Nine wells were identified that required remediation leading to a remediation probability of 1.8% and a 95% confidence interval ranges between 0.6% and 3.0%.

The goal here is to summarize the empirical methods that were employed. Empirical methods take a systems perspective to generate quantitative information on risk but provide no fundamental understanding of cause, whereas theoretical methods posit mechanisms of cause but provide limited useful information on real-life risk probability.

Wellbore status

A well begins its life when it is spudded and ends its life when it is permanently abandoned. Wellbore status defines the condition of a well at a point in time. In US federal waters, wellbore states are defined according to:

  • Drilling
  • Completed: producing, suspended, shut-in
  • Temporarily abandoned
  • Permanently abandoned.

Over its lifetime, a well will transition between states one or more times, but eventually, all wells are permanently abandoned.

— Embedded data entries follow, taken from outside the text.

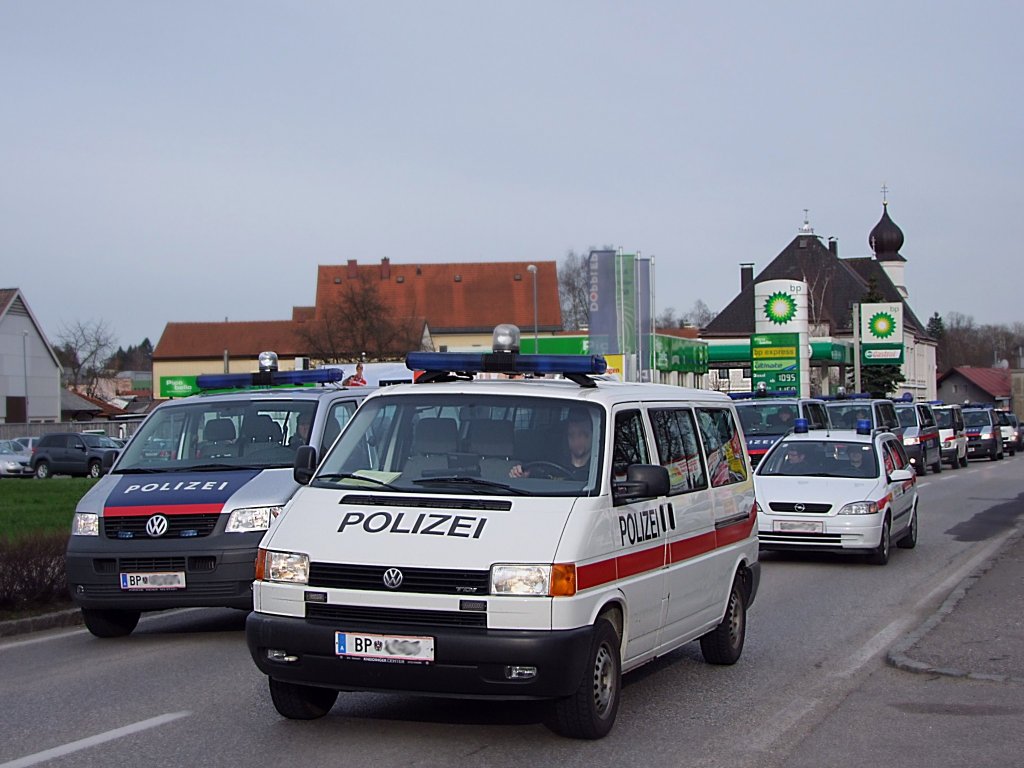 VW-T4 ist ein Teil einer Polizeiflotte,im Einsatz bzgl. des OÖ-Bundesligafußballderbys RIED÷LASK;100403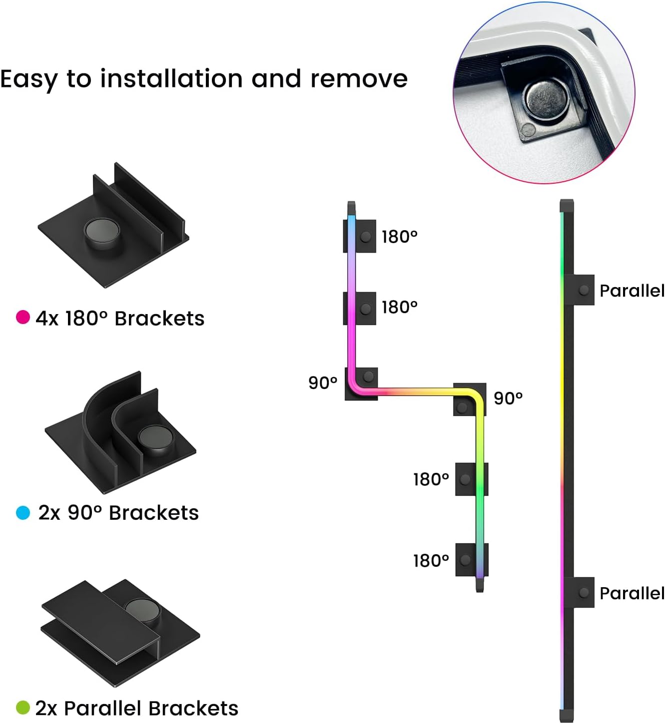 Easy Installation with 8pcs brackets, no complex tools required for LED strip.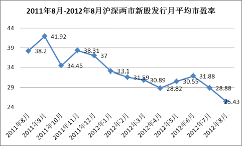 图3:2011年8月-2012年8月沪深两市新股发行月平均市盈率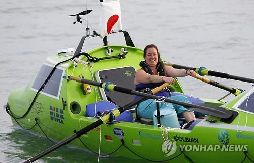 (조시<일본> AP=연합뉴스) 미국의 20대 여성이 하루 16시간까지 혼자 노를 저어 태평양을 횡단하겠다는 도전장을 던졌다.

A well drilled for the purpose of exploration may or may not be completed as a development well, but most wells drilled for development - unless unsuccessful (i.e., uneconomic or problems arise such as collapsed tubing or shallow water flow) - are completed. If a well is completed, it will be producing, inactive, or serve as an injection well, and may transition to temporarily abandoned status before being recompleted or permanently abandoned. Wells are temporarily abandoned at different times during its lifecycle and for many different reasons. All states are transitory except permanently abandoned.

Completed wells that are found leaking, or pressure tests that are not successful during abandonment operations, are remediated as part of normal business activities. Abandoned wells that are found to be leaking after operations are performed require remediation, represented by the dotted arrows that exit and re-enter the temporarily abandoned and permanently abandoned states. A permanently abandoned well that exhibits leaking/bubbling may be reclassified as temporarily abandoned until the operator successfully remediates the leak.

Well life cycle

After an exploratory well is drilled, it will be temporarily abandoned awaiting a decision on completion, permanently abandoned, or completed for production. With the drilling rig on site and no production tubing in the hole, abandonment operations on exploration wells are easy to perform and reliable. The conventional placement method for cement plugs follows the same flow path as the drilling fluid during drilling, where the fluids are pumped downhole through the inside of the drillstring, turn the corner at the bottom of the pipe, and then go upwards in the annular space between the pipe and the open hole/outer pipe. The drillstring is then retrieved before the cement hardens.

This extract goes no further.